#### What you should do:
Begin the copy at the line containing "法国手工珐琅 繁花系列 优雅粉色紫色丁香花戒指 开口可调节" in the data below and end it at the line containing "会计部门业务人员每月需多次向", keeping each line exact and leaving out pictures.
------------------------------------------------------------------------
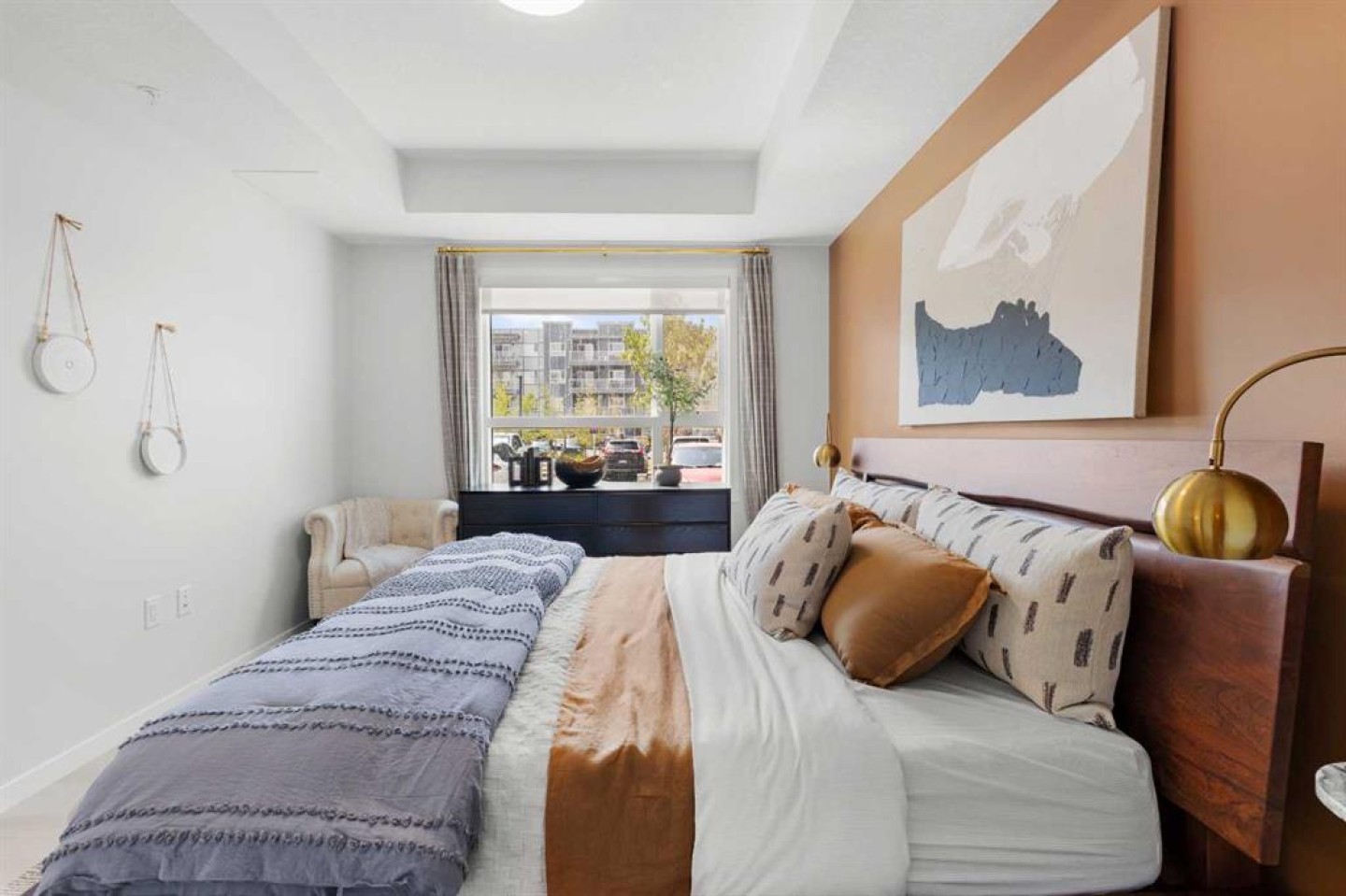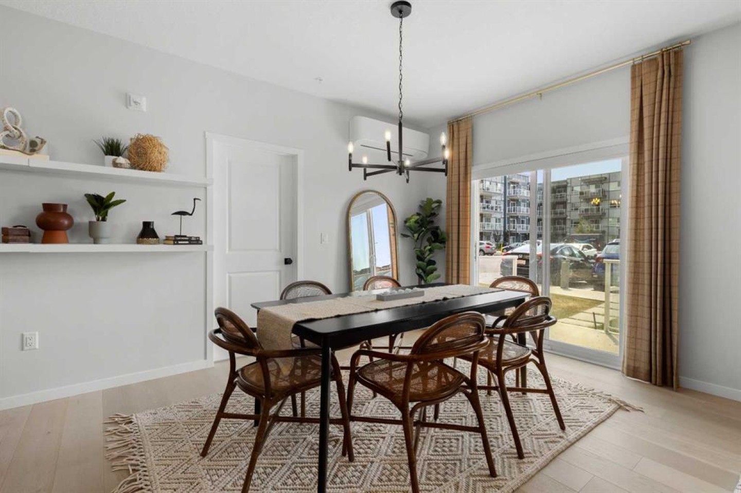 Welcome to 80 Carrington Plaza NW — a former Cedarglen show home offering elevated design, premium upgrades, and outstanding long-term value. This 1,283 sq ft main-floor condo features 3 bedrooms and 2 full bathrooms, combining refined finishes with a highly functional layout ideal for both discerning homeowners and savvy investors. The open-concept living space is anchored by a stylish fireplace and flows seamlessly into a designer kitchen complete with built-in appliances, upgraded cabinetry, a pantry, and a built-in wine fridge—features that elevate everyday living while enhancing rental desirability. As a former show home, this unit stands apart with thoughtful details, timeless finishes, and a level of quality rarely found in condo living. The primary suite offers a walk-in closet and private 4-piece ensuite, while two additional bedrooms provide flexibility for guests, home office use, or family living. Additional highlights include air conditioning, in-suite laundry, generous storage, and private main-floor patio access, adding comfort, convenience, and year-round appeal. The location is a major asset — everyday amenities, shops, dining, and services are just steps away, making the property exceptionally walkable and attractive to tenants and owners alike. With quick access to Stoney Trail (Highway 201), commuting across the city or heading out of town is effortless. Situated in the growing NW community of Carrington, surrounded by parks and pathway systems, this area continues to see strong demand and long-term growth. A rare opportunity to own a show home–quality condo that delivers luxury living today and enduring investment value for the future.
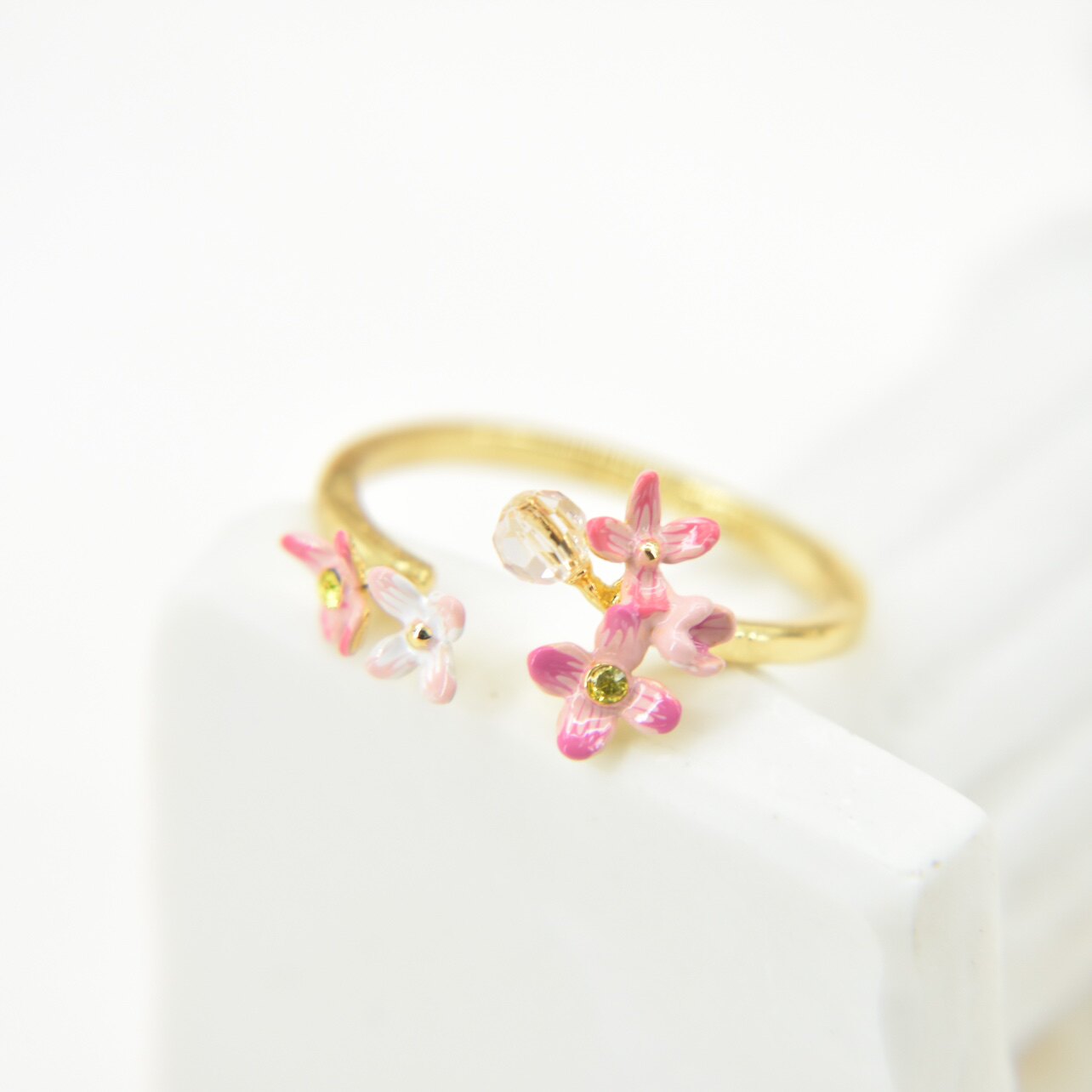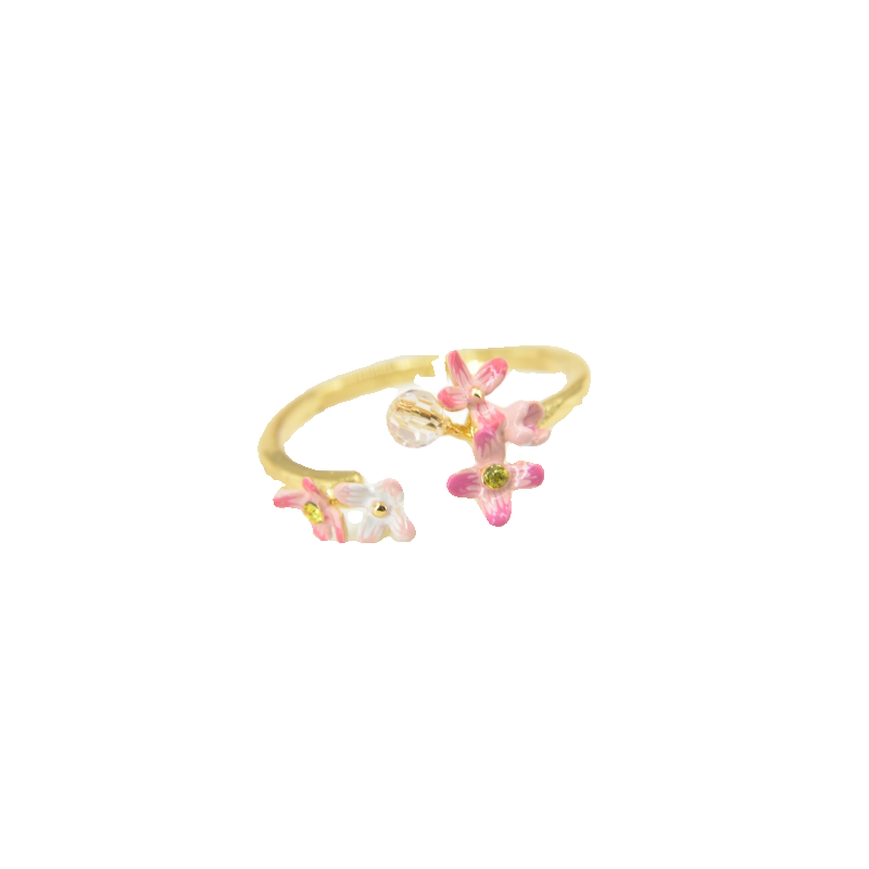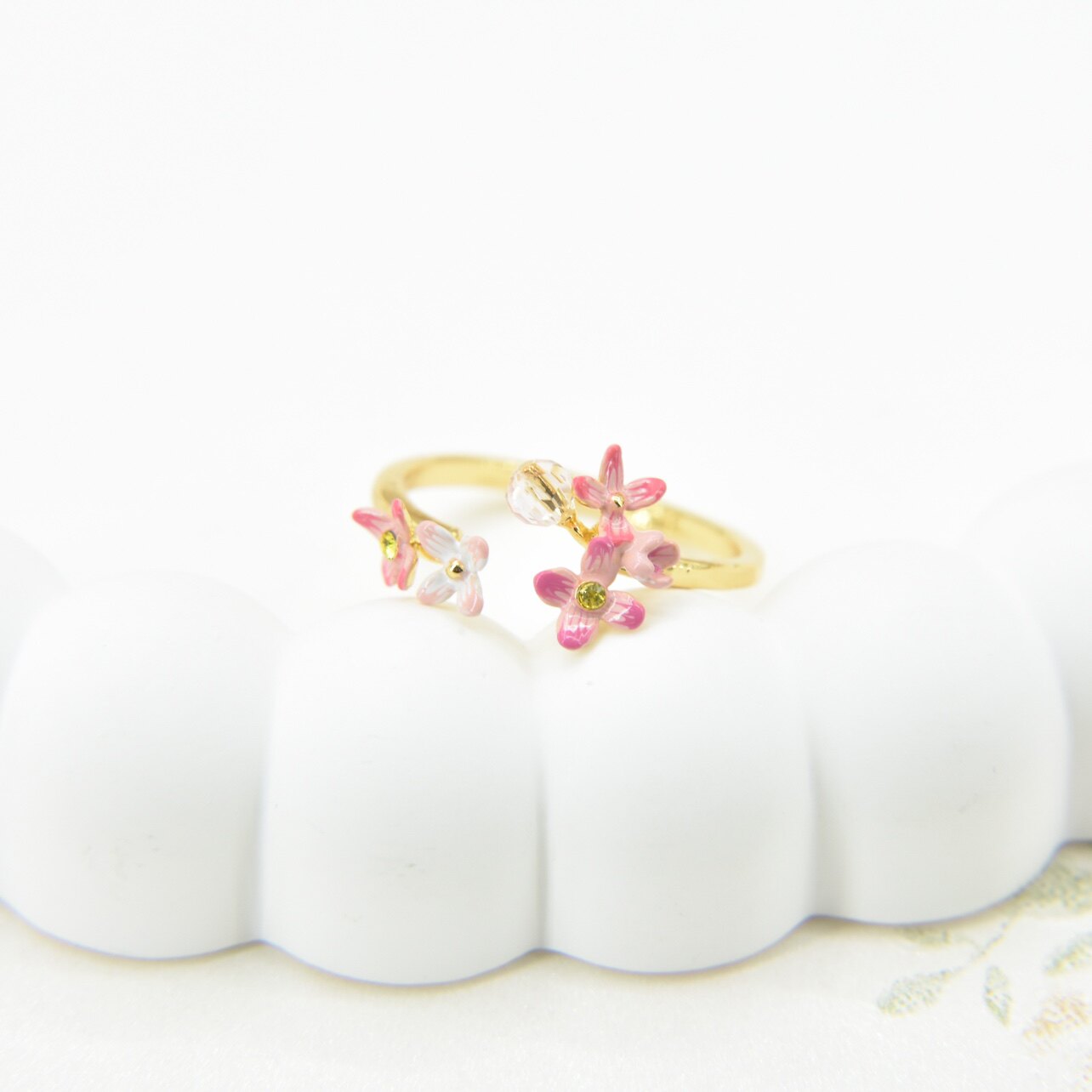 法国手工珐琅 繁花系列 优雅粉色紫色丁香花戒指 开口可调节
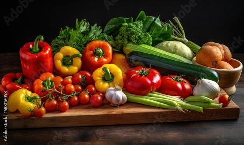 a wooden cutting board topped with lots of different types of vegetables. generative ai
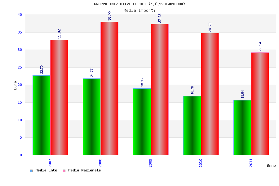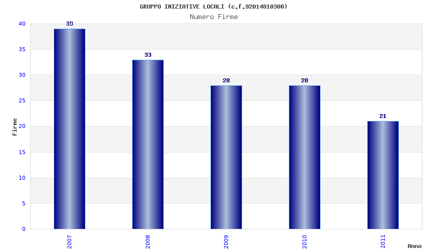 | Anno | Firme | Importi | Media | Naz. | Reg. | Prov. | Comu. |
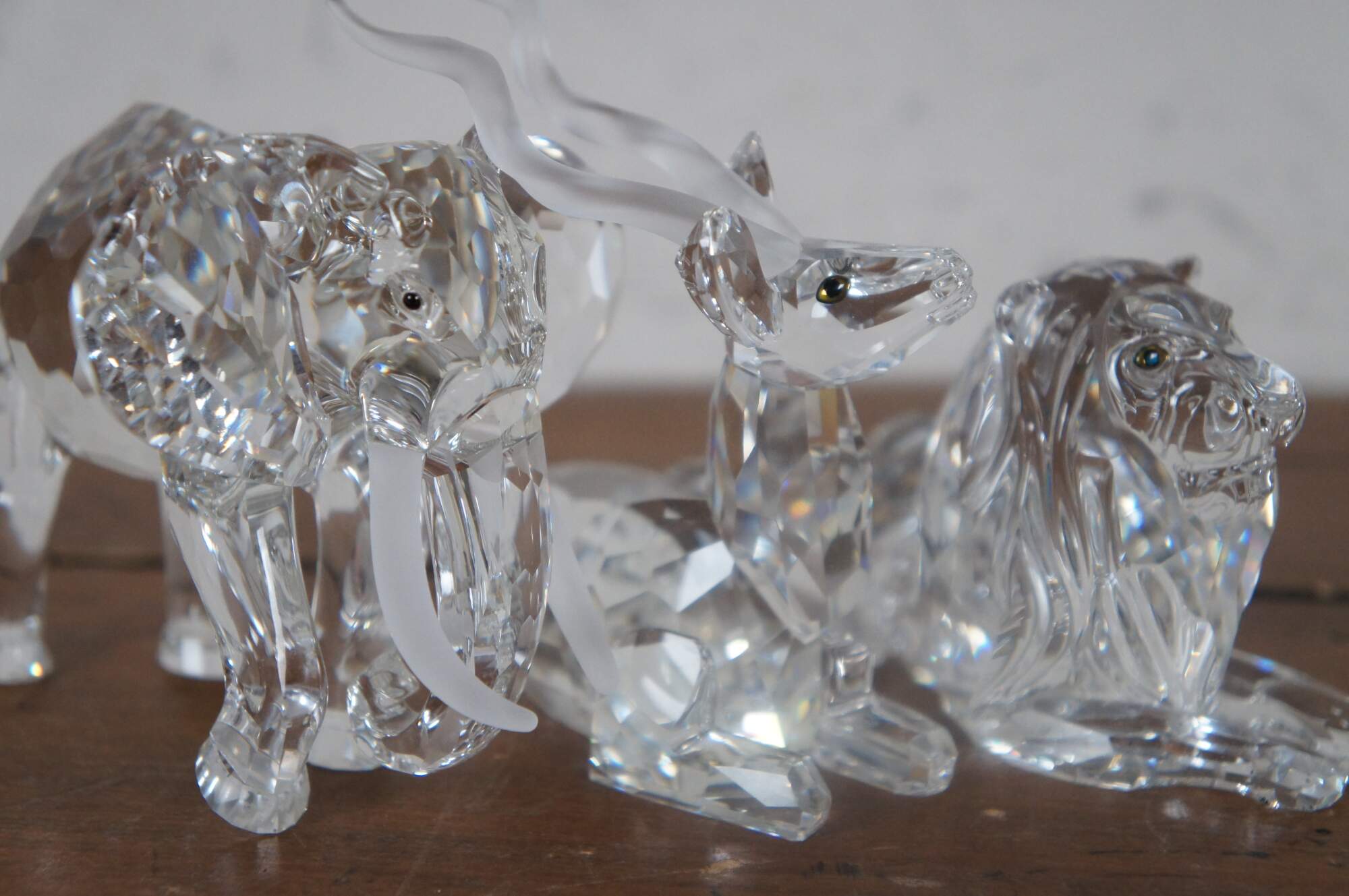 Swarovski Collectors Society Annual Edition Inspiration Africa taxidermy series trilogy including 1993 - The Elephant, 1994 - The Kudu, and 1995 - The Lion. Clear crystal figurines with frosted accents and dark amber eyes. Includes Certificates of Authenticity and original packaging.
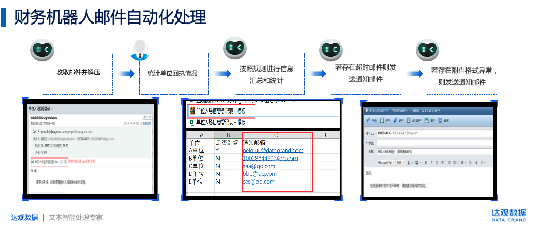 会计部门业务人员每月需多次向相关单位发送账龄信息收集通知邮件,并在指定时间内收取单位回执邮件,对附件数据进行汇总。通过财务机器人根据邮件主题关键字收取指定邮件,统计已回复邮件单位及超时未回复单位,并根据业务需求汇总各单位回执EXCEL文件数据,大幅提升工作效率,每封邮件处理时间由3分钟缩短至0.5分钟。
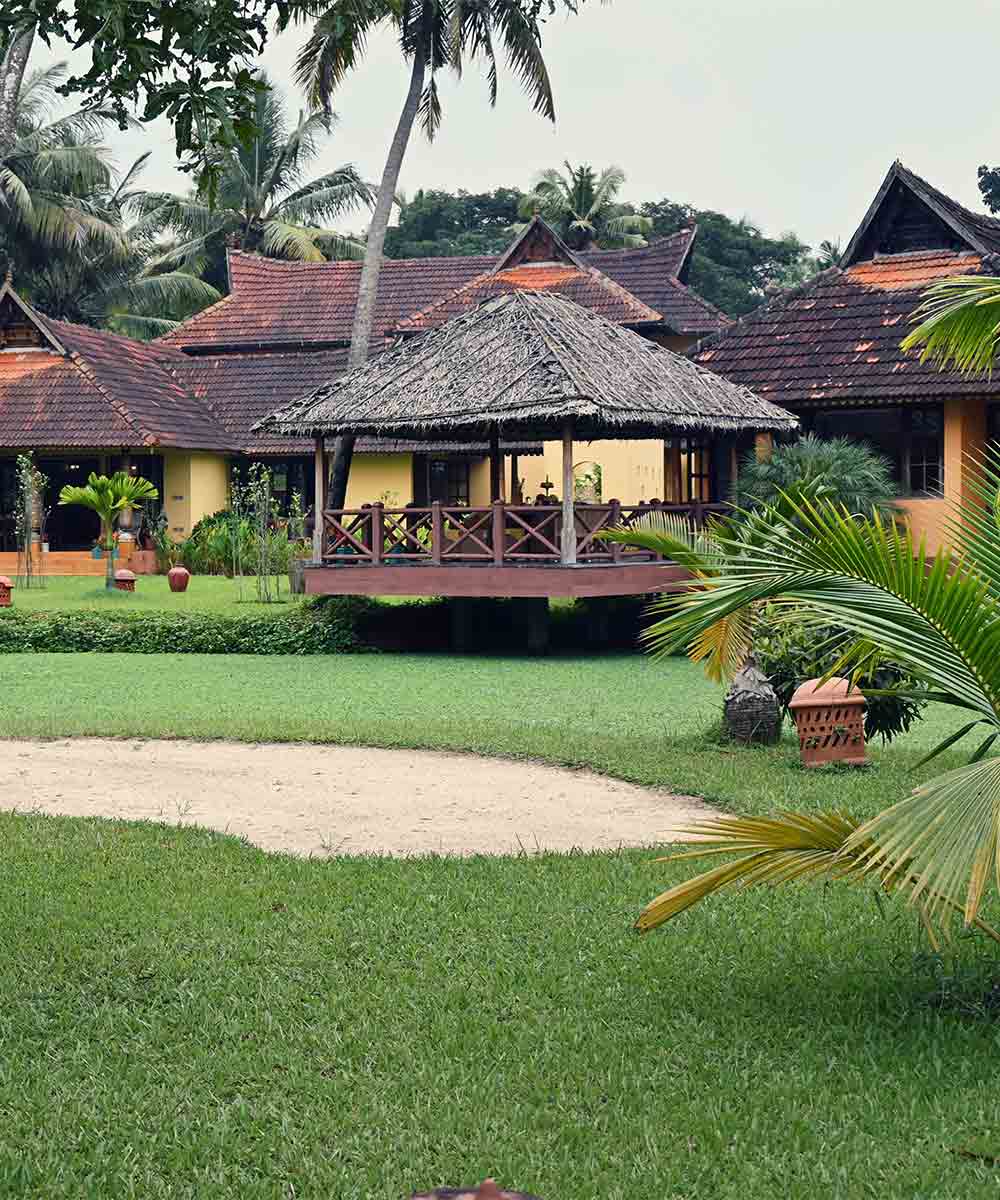 Topical gardens with lush lawns surround Ameya, an intimate property in Kerala’s backwaters.
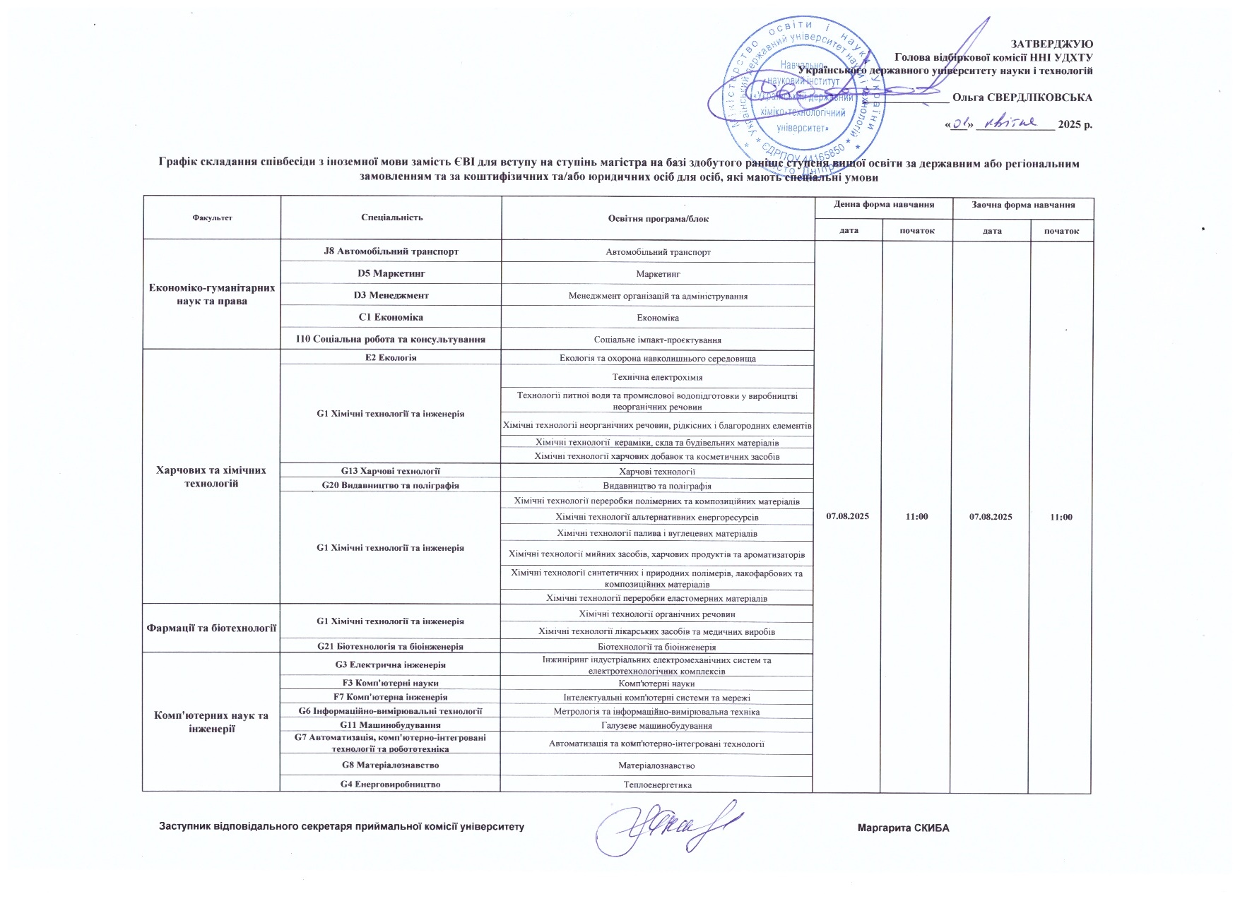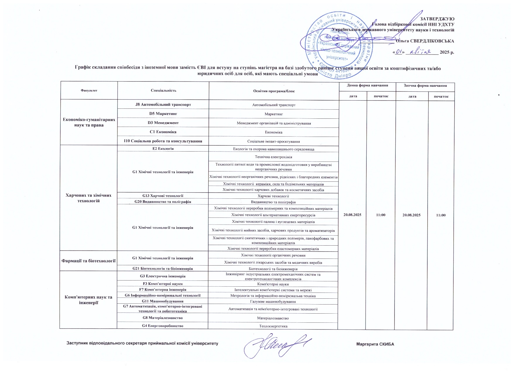 Графік складання співбесіди з іноземної мови замість ЄВІ для вступу на ступінь магістра на базі здобутого раніше ступеня вищої освіти для осіб, які мають спеціальні умови:
------------------------------------------------------------------------
#### Response box:
 法国手工珐琅 繁花系列 优雅粉色紫色丁香花戒指 开口可调节
 a wooden cutting board topped with lots of different types of vegetables. generative ai
 | Anno | Firme | Importi | Media | Naz. | Reg. | Prov. | Comu. |
 Swarovski Collectors Society Annual Edition Inspiration Africa taxidermy series trilogy including 1993 - The Elephant, 1994 - The Kudu, and 1995 - The Lion. Clear crystal figurines with frosted accents and dark amber eyes. Includes Certificates of Authenticity and original packaging.
 会计部门业务人员每月需多次向相关单位发送账龄信息收集通知邮件,并在指定时间内收取单位回执邮件,对附件数据进行汇总。通过财务机器人根据邮件主题关键字收取指定邮件,统计已回复邮件单位及超时未回复单位,并根据业务需求汇总各单位回执EXCEL文件数据,大幅提升工作效率,每封邮件处理时间由3分钟缩短至0.5分钟。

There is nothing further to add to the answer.